I don’t usually comment but that was great. Really well said. Thank you. Click here for info on beef. Well you’ve just made my bookmarks list. Thanks for the post.
More, more. I am right with you on this one. Couldn’t have said it nicer myself. Thanks for the nice post. See this grass fed beef site. I will be keeping an watch on this.
What happen to government of the people by the people. I think it is ridiculous that we even have to have a bill of this type. Think of all the charitable organizations that do bake sales for fund raisers. By the way Kevin I was raised on raw milk some of the best milk I ever drink so don’t knock it until you’ve tried it.

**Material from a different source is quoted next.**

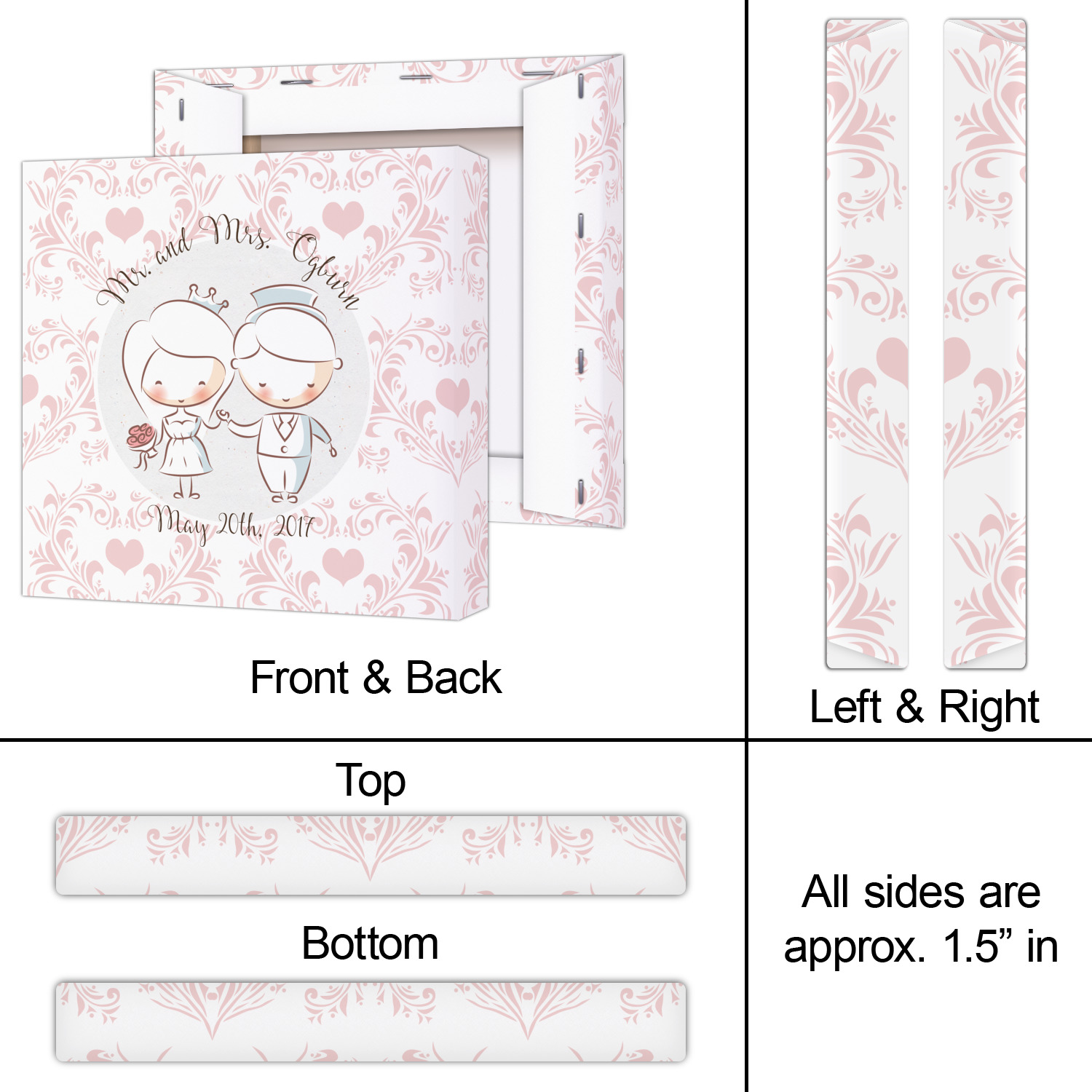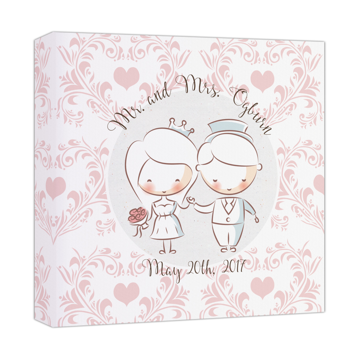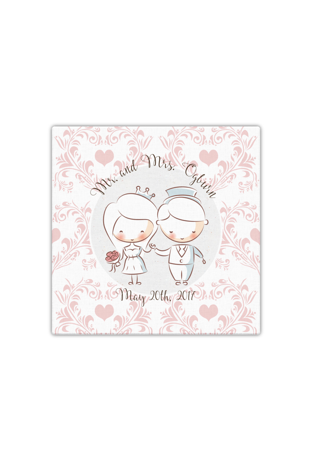 This design has an adorable bride and groom at the center of attention. They sit holding hands on a speckle textured off-white background. Above and below them is where the personalization goes, with the bride and groom's names and wedding date or whatever you choose. The textured background is a circle that surrounds the bride and groom while another background sits behind this circle. The secondary background is a white and light pink heart damask pattern, which looks adorable with the couples and their sweet rosy cheeks.

I have a mobile food trailer parked at my house that meets all requirements for a commercial kitchen but I can’t use it for anything but cooking with the neighbors. I don’t want to go through the high rents, disposal reqs., and other headaches that go along with mobile food vending and want to use the trailer to cook cater with, but all the restrictions on the books now are too restrictive. I’m all for the Cottage food bill and hope it gets voted on this time around.
I have a great cake recipe that I think would sell to local restaurants, but I only have the capabilities to produce a very limited number per week. Many years ago I took a food service handlers course at a community college, and learned a great deal from that. I think it would be a good idea for anyone wanting to sell food products to the public to take such a course. A change in the law would allow me to offer a great product, in limited quantities, without becoming a full blow business. I’m all for it.